**Activity:**
With the pictures omitted, please transcribe exactly the lines beginning at the one that contains "BEAUTY Fes 美と医の祭典」に出展します。" and ending with the last line of the records below.

**Data listing:**
________________

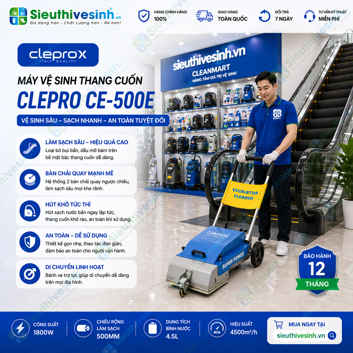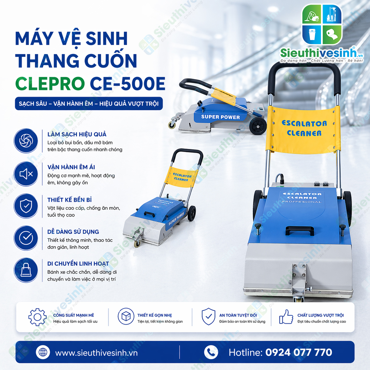 - Tên sản phẩm: Máy vệ sinh thang cuốn Clepro CE-500E
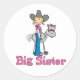 Stick Cowgirl mit Jeans und rosa Stiefel mit dem Text 'Big Sister'. Hat passende kleine Schwester und mittlere Schwester Designs.
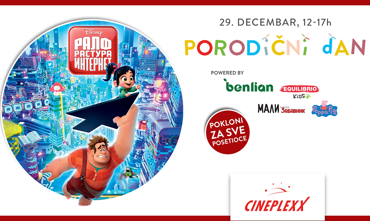 Iz studija Dizni i mašte reditelja Fila Džonstona i Riča Mura stiže sjajna animirana avantura! Razbijač Ralf u novoj misiji spašavanja igrice očekuje vas na Porodičnom danu u svim bioskopima Cineplexx u subotu 29. decembra od 12 do 17 časova! Uživajte u specijalnom programu inspirisanom glavnim junakom i poklonima* za sve mališane! Karte su u prodaji na blagajnama bioskopa.
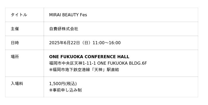 『永遠の美しさへの夢が、 夢に終わらない未来を創りあげること』を使命に掲げる、化粧品の研究開発・製造販売を行う株式会社エテルナム(本社:東京都渋谷区、代表取締役:松本隆明)は、2025年6月22日(日)開催の、九州で活躍するトップ美容医師たちが集結する、美容医療の勉強&体験イベント「MIRAI BEAUTY Fes 美と医の祭典」に出展します。
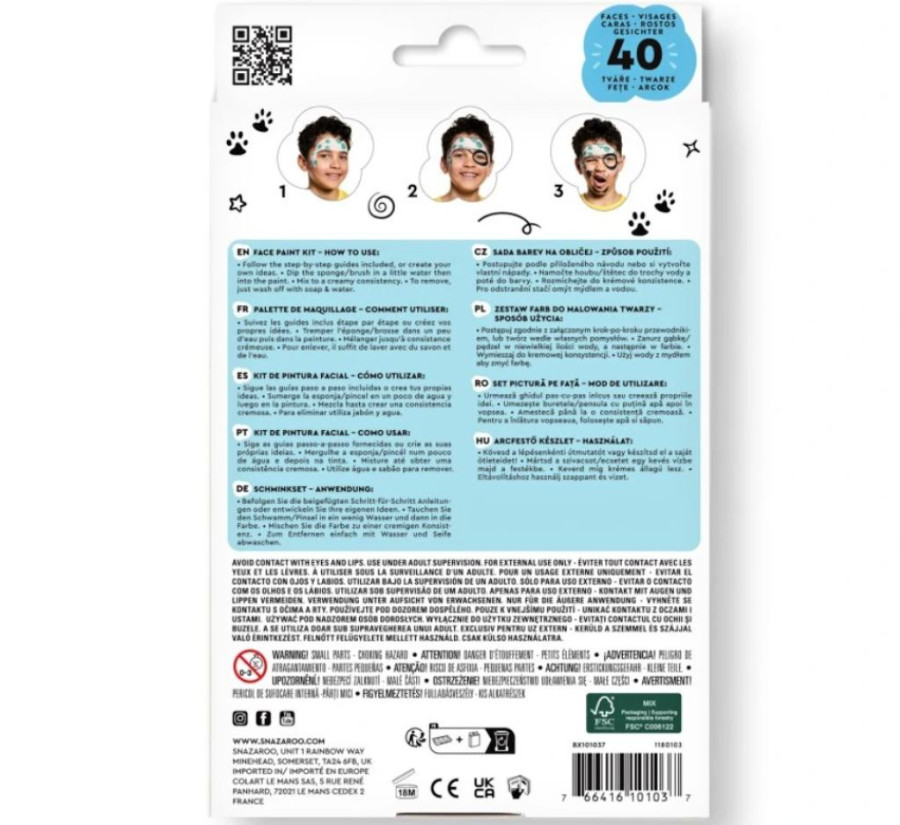 Snazaroo je osvědčená značka vodou ředitelných barev na obličej a tělo, vyráběných ve Velké Británii z hypoalergenních a dermatologicky testovaných ingrediencí. Barvy jsou vhodné i pro citlivou pokožku a byly navrženy tak, aby se snadno nanášely, dobře držely a přitom se daly jednoduše smýt pouze vodou a mýdlem.
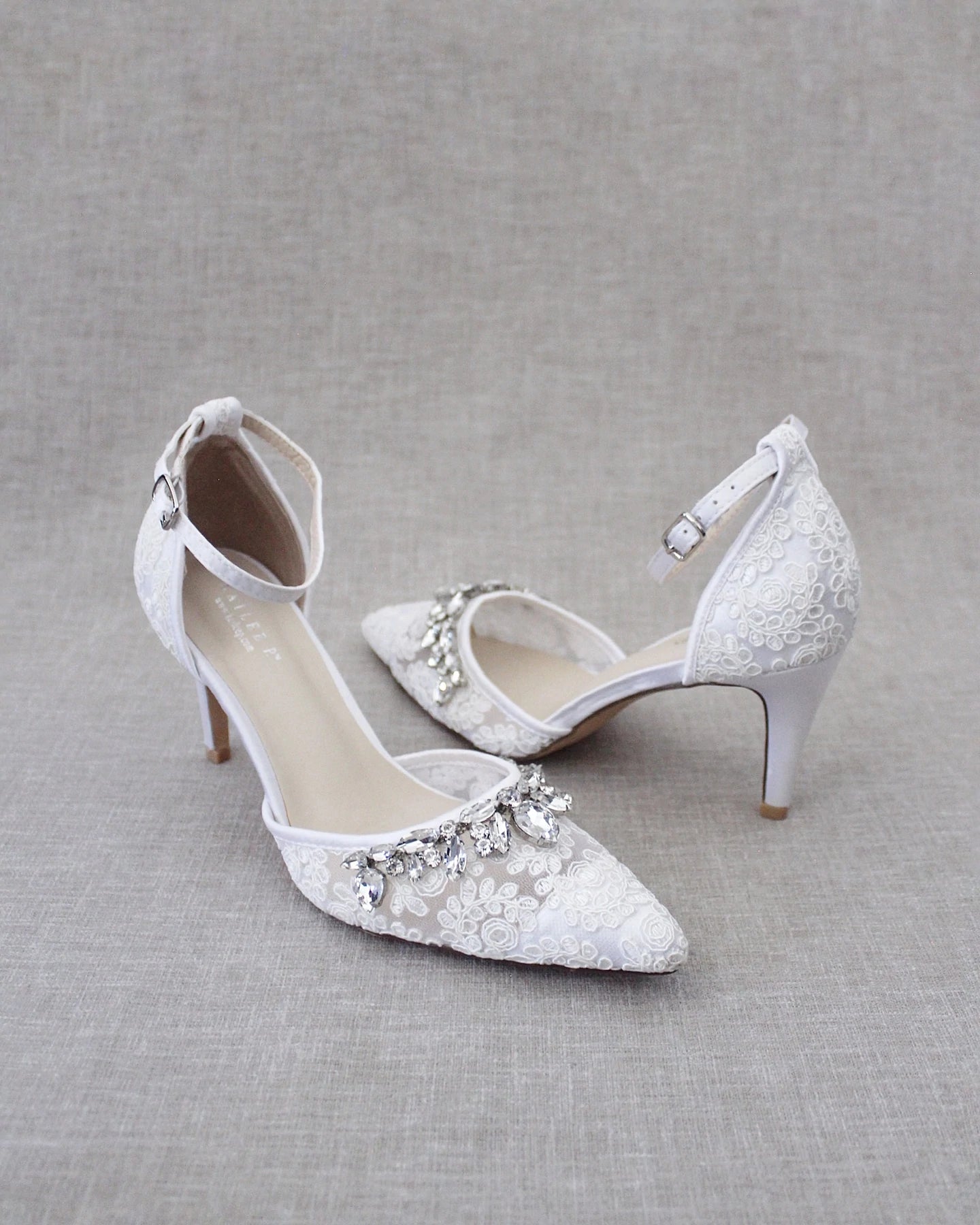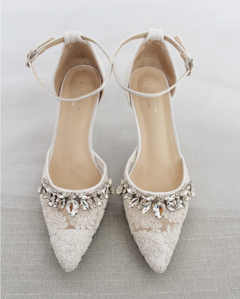 Hienostuneen herkällä pitsillä ja koristekivillä koristellut teräväkärkiset korkokengät tai hääkengät kaikkiin elämäsi tähtihetkiin.

________________

**Written reply:**
 『永遠の美しさへの夢が、 夢に終わらない未来を創りあげること』を使命に掲げる、化粧品の研究開発・製造販売を行う株式会社エテルナム(本社:東京都渋谷区、代表取締役:松本隆明)は、2025年6月22日(日)開催の、九州で活躍するトップ美容医師たちが集結する、美容医療の勉強&体験イベント「MIRAI BEAUTY Fes 美と医の祭典」に出展します。
 Snazaroo je osvědčená značka vodou ředitelných barev na obličej a tělo, vyráběných ve Velké Británii z hypoalergenních a dermatologicky testovaných ingrediencí. Barvy jsou vhodné i pro citlivou pokožku a byly navrženy tak, aby se snadno nanášely, dobře držely a přitom se daly jednoduše smýt pouze vodou a mýdlem.
 Hienostuneen herkällä pitsillä ja koristekivillä koristellut teräväkärkiset korkokengät tai hääkengät kaikkiin elämäsi tähtihetkiin.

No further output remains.